SUPPLIED INFORMATION:
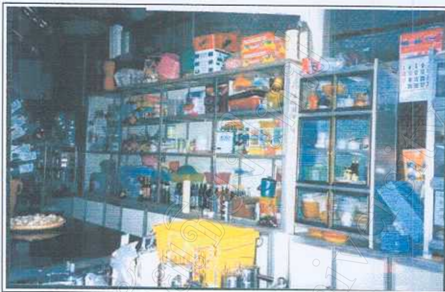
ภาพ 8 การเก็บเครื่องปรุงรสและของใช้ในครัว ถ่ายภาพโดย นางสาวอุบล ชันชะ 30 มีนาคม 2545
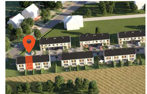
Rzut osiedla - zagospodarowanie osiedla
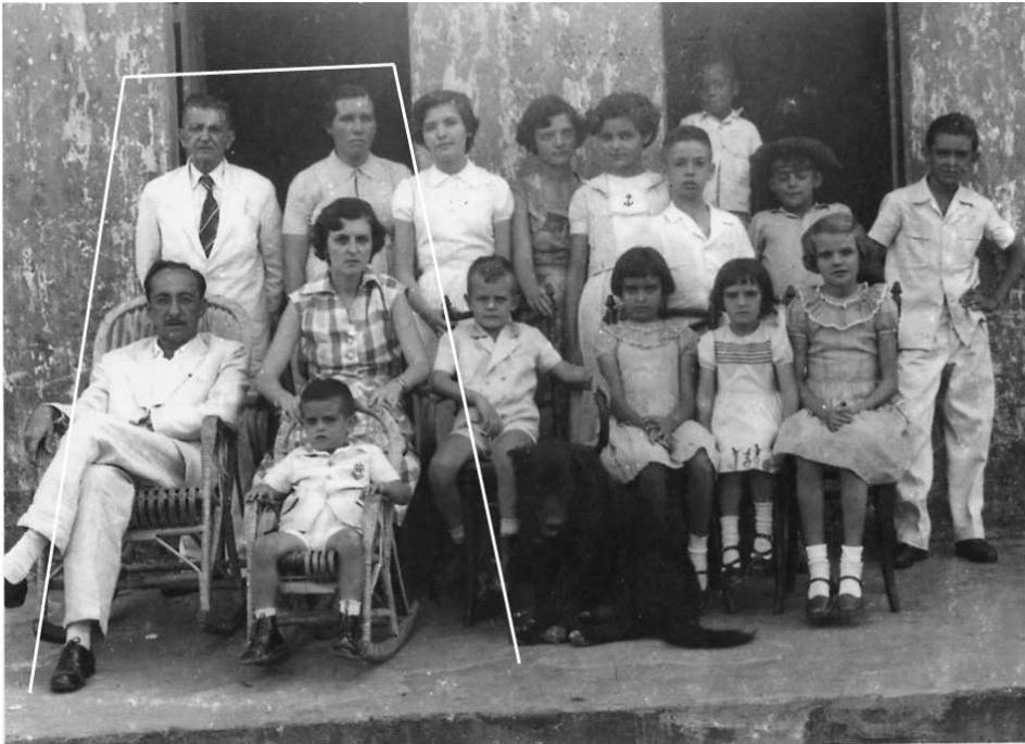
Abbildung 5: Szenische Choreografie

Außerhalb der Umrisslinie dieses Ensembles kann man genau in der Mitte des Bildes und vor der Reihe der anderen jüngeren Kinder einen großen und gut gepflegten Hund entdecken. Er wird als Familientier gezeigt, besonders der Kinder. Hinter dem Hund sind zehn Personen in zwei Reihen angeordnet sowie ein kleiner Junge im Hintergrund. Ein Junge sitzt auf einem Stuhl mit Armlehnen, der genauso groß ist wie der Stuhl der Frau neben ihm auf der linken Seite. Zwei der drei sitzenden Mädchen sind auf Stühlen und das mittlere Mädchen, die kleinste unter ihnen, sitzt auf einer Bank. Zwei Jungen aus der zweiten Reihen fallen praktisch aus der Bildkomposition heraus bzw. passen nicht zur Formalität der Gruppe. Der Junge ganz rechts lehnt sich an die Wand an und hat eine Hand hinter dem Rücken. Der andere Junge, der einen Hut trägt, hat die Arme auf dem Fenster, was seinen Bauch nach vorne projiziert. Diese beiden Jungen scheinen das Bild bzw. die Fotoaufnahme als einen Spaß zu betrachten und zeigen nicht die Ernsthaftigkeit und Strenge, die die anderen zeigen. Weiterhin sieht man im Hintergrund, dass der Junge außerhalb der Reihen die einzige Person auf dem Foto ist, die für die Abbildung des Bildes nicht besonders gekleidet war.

YOUR GOAL: Every line between the start of the listing and the line containing "Abbildung 5: Szenische Choreografie", both ends counted, needs to be printed exactly, minus the pictures.

ANSWER SPACE:
ภาพ 8 การเก็บเครื่องปรุงรสและของใช้ในครัว ถ่ายภาพโดย นางสาวอุบล ชันชะ 30 มีนาคม 2545
Rzut osiedla - zagospodarowanie osiedla
Abbildung 5: Szenische Choreografie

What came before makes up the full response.